A reliable savings plan symbolises a well-managed financial portfolio. It ensures future financial security and helps you easily reach several financial targets.
Since the market is loaded with multiple varieties of savings plans, it might feel a bit overwhelming to decide which one to select. However, we have elucidated certain significant factors that you need to consider to ensure a smooth selection.
Factors to consider while selecting the best long-term savings plan
The essential factors that you need to consider while making your long-term savings plan selection include the following:
- Financial goals:
Assessing your true financial goals is very crucial to deciding how much savings you require. The targets can be varied like funding your children’s education, buying a house, foreign trips, marriage, etc. You might also wish to secure the financial future of your beloved family despite your absence. All these targets must be crystal clear in your mind to ensure a smooth planning process. - Risk and reward:
Your savings plans must include reliable investment options, combining both rewards and risks. Before investing, you must be careful about your risk tolerance capacity. Ensure to maintain a proper balance between your risks and rewards. - Liquidity:
Financial emergencies might appear at any time for various reasons. It is best to stay prepared for such contingencies beforehand, ensuring a balanced financial portfolio. Ideally, a long-term savings plan offers enough liquidity to handle such emergencies. Your chosen investment option must consider both your current and future liquidity needs. - Tax efficiency:
Tax benefits associated with any investment option are critical. Several options like life insurance, health insurance, etc., allow tax benefits. If you invest in these sorts of plans, you can enjoy both security and tax benefits. If you pay a 30 lakh term insurance premium, you will receive tax deductions up to INR 1.5 lakhs/annum u/s 80C of the IT Act. - Investment diversity:
An ideal long-term savings plan allows you to diversify all your funds across several products. Such balanced diversification reduces the risks associated with investments and ensures better wealth building in the long run. However, critical evaluation is essential so that it aligns with your financial goals to ensure the desired outcome. - Performance:
You must regularly monitor the performance of your investments. This will help you to review the situation so that you can make the necessary alterations required and applicable to fulfil your targets. - Eligibility:
Ensure that all the relevant eligibility criteria are fulfilled while investing. Every long-term investment is associated with a premium payable amount maintaining a specific schedule.
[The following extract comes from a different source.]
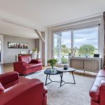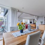 • Spacious and bright living room with large windows and sliding doors
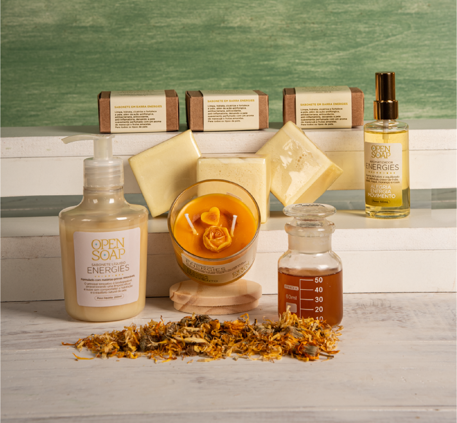 A Linha Energies foi criada para despertar vitalidade, conforto e equilíbrio através de fragrâncias que combinam notas adocicadas, florais, frutadas e especiadas. Seus produtos unem extratos vegetais com propriedades hidratantes e calmantes, oferecendo cuidados que renovam a pele e também o emocional. O aroma característico da linha traz sensação de aconchego e leveza, ideal para quem busca harmonia no dia a dia. A cor amarela, presente na proposta sensorial, simboliza energia, otimismo e bem-estar.

This must not burden your budget and must align with your goals. - Terms and conditions:
Before purchasing any investment plan, you must be well aware of all the associated terms and conditions. Clarify all your doubts and ambiguities from authentic sources like the company authorities or professional advisors before finalising. - Investment tenure:
Your chosen investment options must align with your financial targets, which will be timed differently. Ideally, a reliable savings plan will smoothly handle both short-term and long-term targets. The duration of investment is also very crucial to fulfil the objectives timely.
Features of savings plans
The nature of the concerned savings plan determines its unique features. A rightly selected savings plan will allow you to withdraw a part of your investment for short-term goals and maintain the rest for the long term. A fixed tenure savings plan may range between 5 and 10 years or 25 and 35 years, depending on the type of plan chosen,
Therefore, your savings plan must allow comprehensive coverage with financial security and alternatives. However, consider all the benefits and drawbacks of the plan before finalising it.
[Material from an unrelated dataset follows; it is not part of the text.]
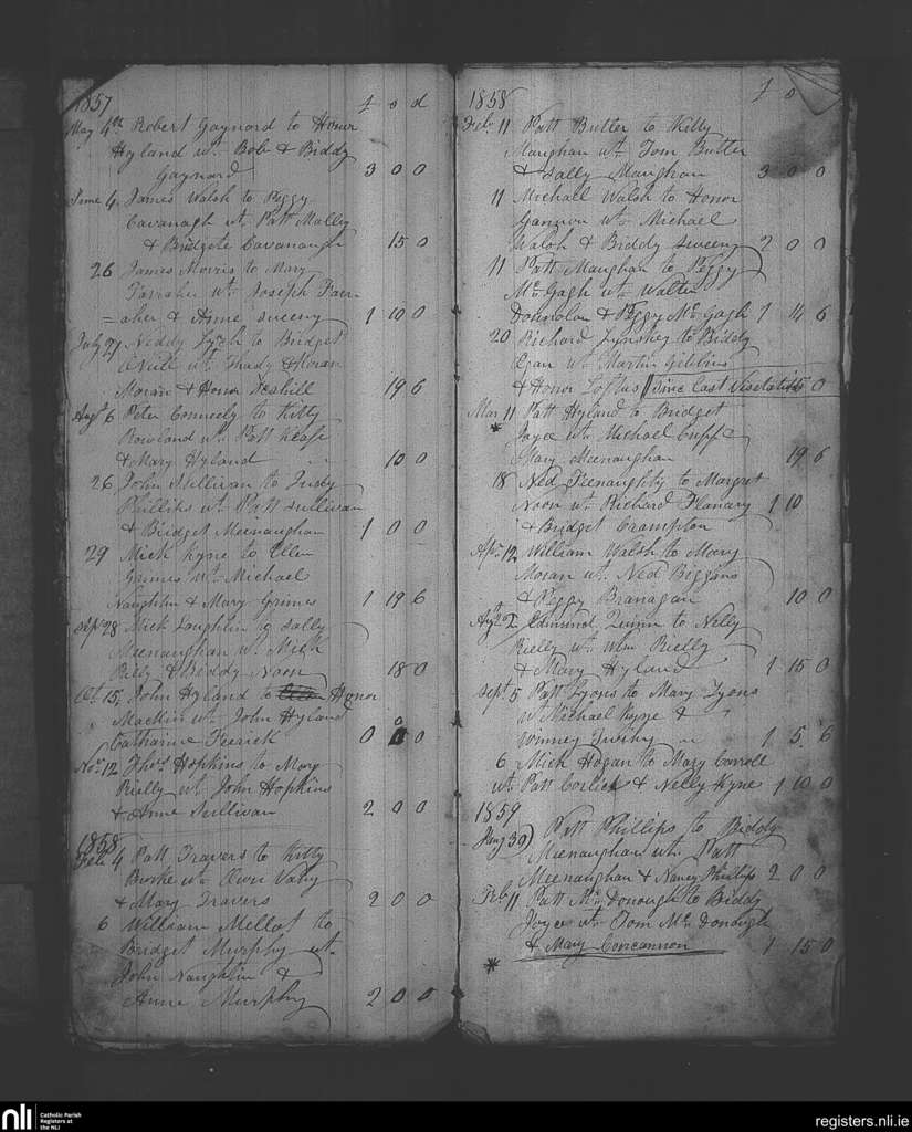 Kilmaine; County of Mayo; Archdiocese of Tuam. Marriages, May 1857 to Feb. 1859

- Flexibility in a Savings Plan
While investing in a long-term savings plan, it is crucial to consider the plan’s flexibility. This means you can withdraw funds during emergencies. Such flexibility reduces the overall risks.
However, in the case of any tax-saving instrument, it is better to hold it for long uninterruptedly to ensure a better outcome.
- Cost
Usually, savings plans are cheap with nominal handling costs. If you snip the entire capital as an expense, the accumulated capital will naturally reduce in future. So, making the right choice and understanding all the associated costs is crucial. Moreover, these prices are so negligible that they hardly make any impact in the long run, making it an ideal avenue for wealth creation.
Conclusion
A well-planned and well-executed savings plan aids you in more ways than one. It boosts the overall financial planning and ensures you maintain a balanced, reliable and flexible portfolio, allowing tax benefits when applicable. You must ensure to make a critical assessment of your targets and requirements before you make your final choice.